Iman Katolik di Tengah Relativisme dan Sekularisme

MATARAM – Rm. Patris Allegro, kembali tampil di pulau Lombok untuk melanjutkan Seminar Mempertanggung Jawabkan Iman Katolik, sebagai narasumber.
Seminar ini merupakan program unggulan Komisi Kitab Suci Keuskupan Denpasar. Sebelumnya kegiatan yang sama di lakasanakan di dua tempat di Dekenat Bali Barat, yaitu di Negara (18/8) dan di Singaraja (19/8).
Seminar Mempertanggung Jawabkan Iman Katolik di pulau Lombok, dilaksanakan di Paroki Maria Immaculata Mataram, Jumat (22/8/2025). Pesertanya adalah umat Katolik yang datang dari 3 paroki yang ada di pulau itu yakni Paroki St. Yohanes Pemandi Praya-Selong, Paroki St. Antonius Ampenan dan Paroki St. Maria Immaculata Mataram.
Berikut rangkuman hasil Seminar di pulau Lombok yang diterima Redaksi dari Rm. Patris sendiri, dengan judul asli “Mempertangung Jawabkan Iman Katolik di Tengah Relativisme dan Sekularisme – Gereja Maria Immaculata Mataram.“
Zaman Serba Cepat
Hidup di zaman yang serba cepat ini penuh dengan tawaran ideologi dan gaya hidup. Banyak orang berkata, ‘Semua agama sama saja,’ atau ‘Yang penting baik hati, tak perlu urusan iman.’
Pandangan demikian itulah wajah relativisme: tidak ada lagi kebenaran yang pasti. Ditambah sekularisme, yang mendorong iman hanya tinggal di rumah atau di gereja, tak boleh muncul di ruang publik. Akibatnya, iman sering dianggap sekadar urusan pribadi, bukan sesuatu yang berharga untuk dunia.
Namun iman Katolik tidak bisa hanya dipeluk diam-diam. Iman adalah pelita yang harus menerangi, bukan disembunyikan. Karena itu, kita dipanggil untuk mempertanggungjawabkan iman—menjelaskannya dengan akal budi, menghidupinya dalam tindakan, dan menyatakannya dengan kasih.

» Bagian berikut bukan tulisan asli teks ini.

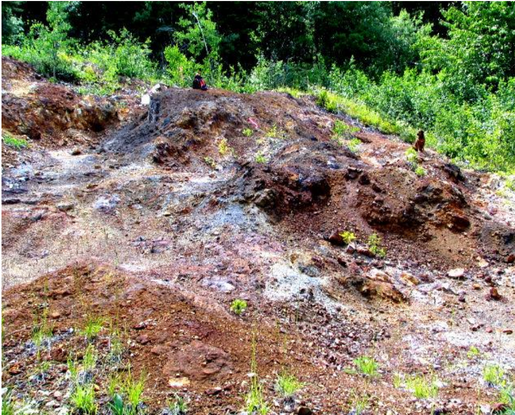
NORTH HORSE STRIPPED AREA- MASSIVE SULPHIDE – Au-Ag-Cu-Co

Iman Katolik itu percaya kepada pribadi, bukan sekadar ide. Iman Katolik juga bukan sekadar kumpulan aturan atau tradisi, melainkan jawaban kita terhadap kasih Allah yang lebih dulu datang kepada kita.
Kita percaya bukan hanya pada ‘sesuatu’, tapi kepada ‘Seseorang’—Yesus Kristus, Tuhan yang bangkit. Karena itu, iman Katolik punya wajah yang hidup yaitu Yesus sendiri. Dialah kebenaran yang kita ikuti, bukan sekadar opini yang bisa diperdebatkan.
Bahaya Relativisme: Kebenaran Dikaburkan
Relativisme berkata semua orang benar dengan caranya masing-masing. Kedengarannya toleran,
padahal berbahaya. Kalau semua benar, maka tak ada lagi kebenaran. Kalau semua jalan sama, mengapa Yesus berkata: “Akulah jalan, kebenaran, dan hidup” (Yoh 14:6)?
Relativisme membuat iman dipandang sama nilainya dengan sekadar pendapat pribadi. Padahal iman Katolik berdiri di atas wahyu Allah, bukan sekadar ide manusia.
Sekularisme: Iman Dipaksa Diam
Sekularisme berkata: “Silakan beragama, tapi jangan bawa ke sekolah, kantor, atau politik.” Akibatnya, iman dipenjara di ruang privat. Tetapi iman Katolik selalu bersifat ublic. Kita merayakan Ekaristi bukan sendirian, melainkan bersama-sama. Kita dipanggil menjadi garam dan terang dunia, bukan garam yang disimpan di botol. Injil justru harus hadir di jalanan, pasar, dan ruang ublic, agar dunia ditopang oleh nilai-nilai kebenaran dan kasih.
Akal Budi dan Iman: Dua Sayap Menuju Kebenaran
Paus Yohanes Paulus II mengingatkan bahwa iman dan akal budi seperti dua sayap. Iman tanpa akal bisa jatuh pada fanatisme buta, sedangkan akal tanpa iman bisa kehilangan arah dan terjebak dalam dinginnya rasionalisme.
Dengan akal budi, kita bisa menjelaskan iman dengan logis; dengan iman, akal budi menemukan tujuan sejatinya. Maka mempertanggungjawabkan iman berarti berani belajar, membaca Kitab Suci, mengenal ajaran Gereja, dan siap memberi jawaban dengan rendah hati tetapi juga tegas.
Cara Praktis Mempertanggungjawabkan Iman
Belajar dan Mengerti. Umat Katolik dipanggil untuk tidak hanya beriman, tapi juga mengerti iman. Katekismus, dokumen Gereja, dan Kitab Suci adalah harta yang harus kita gali.
Hidup yang Nyata. Kesaksian hidup lebih lantang daripada kata-kata. Orang akan percaya Injil bila melihat kita mengasihi, bekerja jujur, dan setia dalam keluarga.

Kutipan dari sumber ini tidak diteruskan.